L'Union européenne avait maintes fois répété son ambition de lancer à cette occasion un "cycle de développement" dont l'initiative sur l'accès en faveur des PMA a été le signal le plus tangible.
L'Agenda pour le développement comprend la déclaration sur la santé et les médicaments, la dérogation ACP, une décision sur la mise en uvre des accords de Marrakech, et une série de dispositions spécifiques relatives aux programmes de travail et de négociation.
Une de nos plus grandes satisfactions concerne l'accès aux médicaments. La France avait, dès le mois de mai dernier, appelé ses partenaires communautaires et la Commission à une initiative sur ce dossier pour résoudre enfin ce paradoxe cruel qui veut que les médicaments soient au nord et les malades au sud.
Avant même la conférence de Doha, puis sur place, nous avons poursuivi ces efforts en liaison avec l'ensemble des parties intéressées. Le texte finalement adopté donne une interprétation du droit international des brevets favorable à la santé publique. Il a d'ailleurs été accueilli avec satisfaction, tant par les pays en développement que par les ONG engagées dans ce combat, sans pour autant remettre en cause les accords sur la propriété intellectuelle, nécessaires pour préserver les efforts de R D.
La reconnaissance par les membres de l'OMC des préférences commerciales accordées aux ACP par la convention de Cotonou a fait l'objet d'une décision séparée, saluée à juste raison comme un temps fort de la conférence. L'Union européenne y a gagné un crédit qui s'est révélé fort utile dans la phase de conclusion.
La décision sur la mise en uvre des accords de Marrakech marque une étape importante, après deux ans de travaux à Genève. Elle s'accompagne d'un engagement en faveur de l'adhésion rapide des PMA candidats à l'OMC, et de l'objectif d'un accès sans restrictions pour les produits des PMA.
Plus largement, les pays en développement ont obtenu la prise en compte du traitement spécial et différencié dans tous les éléments de la négociation, notamment dans le domaine agricole, et l'engagement de travaux sur des thèmes prioritaires, comme les liens entre commerce et dette, commerce et transferts de technologies, ainsi que la coopération technique. En outre, la protection des savoirs traditionnels est intégrée dans les travaux du conseil sur la propriété intellectuelle.
Enfin, la déclaration prévoit d'augmenter encore les moyens d'action en faveur du développement : un appel est lancé pour une coopération plus étroite de l'OMC avec les organisations financières internationales ; enfin l'engagement est pris de renforcer le cadre intégré pour les PMA, qui associe six organisations et agences internationales.

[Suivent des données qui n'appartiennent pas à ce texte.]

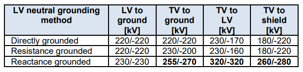 The transferred surge has usually both the capacitively and inductively transferred components which are superimposed on the power-frequency voltage. The capacitively transferred component is typically in the MHz range and is seen first in the transferred surge. The inductively transferred component is slower than the capacitive one and is seen later. Its shape and amplitude change in time, because the distribution of the voltage along the primary winding is time-dependent. The magnitude of the transferred voltages depends on the construction of the transformer, damping effect of the winding, capacitances of the transformer, winding turns (transformation), vector group, connection to the network, etc. In addition, the waveshape of the incoming surge has an important role [3, 8-11]. Often neglected factor is a neutral grounding method. Majority of RCTs are grounded through reactance with a purpose is to lower a ground fault current in the 34.5 kV system (typically single-phase underground cables), so that one can minimize the sizes of main conductors, concentric neutral and grounding wires in the collector system – those result in significant cost savings, as wind turbines can be up to 15 km away from a substation. Neutral Grounding Reactor (NGR) is typically easier to install and more durable than a neutral resistor. Typical NGR impedance is between 0.5-3.5 Ω. A presence of NGR in the neutral has impact on the transient response of a transformer. Grounding a transformer directly or with a resistor will result in lower internal overvoltages, than those appearing when an NGR is used. This characteristic – i.e., oscillatory response of a RCT grounded through reactance – was studied many times and typical results were presented at IEEE PES Transformers Committee [12]. The unit in this particular study was a 200 MVA windfarm collector transformer, 34.5Y-345Y kV with buried TV, with 1050/110 kV BIL HV and 200/200 kV BIL LV levels. The unit was analyzed for a transient response with LV neutral point: (i) grounded directly, (ii) grounded through resistance and (iii) grounded with reactance, NGR. The results on Chopped Wave application to LV terminals with different grounding methods are shown in Table 1.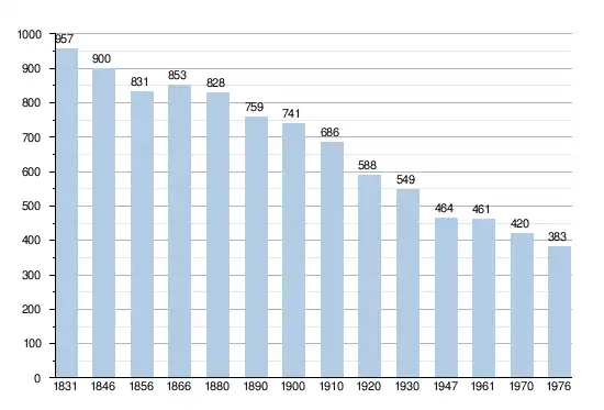 - Bronnen:NIS, Opm:1831 tot en met 1970=volkstellingen, 1976= inwoneraantal op 31 december

II. Au cours de cette conférence, nous avons fixé le cadre et le programme de ce cycle de négociations sur l'ouverture des marchés qui doit maintenant s'étaler sur plusieurs années.
Confrontés à des pressions très fortes sur la question essentielle de l'agriculture, nous avons préservé l'essentiel : notre politique agricole commune au sein de l'Union européenne, le rythme de nos réformes, ne seront pas dictés de l'étranger.
L'OMC valide notre conception de l'agriculture comme une activité économique et humaine à part, avec des impératifs de sécurité alimentaire, de développement rural, d'environnement et d'aménagement du territoire.
Pour les services, le droit des Etats à réglementer les services publics est confirmé. La méthode de négociation par listes positives permettra à chaque pays de conserver la maîtrise des offres de libéralisation qu'il soumettra à ses partenaires. Nous garantissons ainsi la préservation des services publics, et celle des politiques publiques dans des secteurs aussi sensibles que l'éducation, la santé et la culture.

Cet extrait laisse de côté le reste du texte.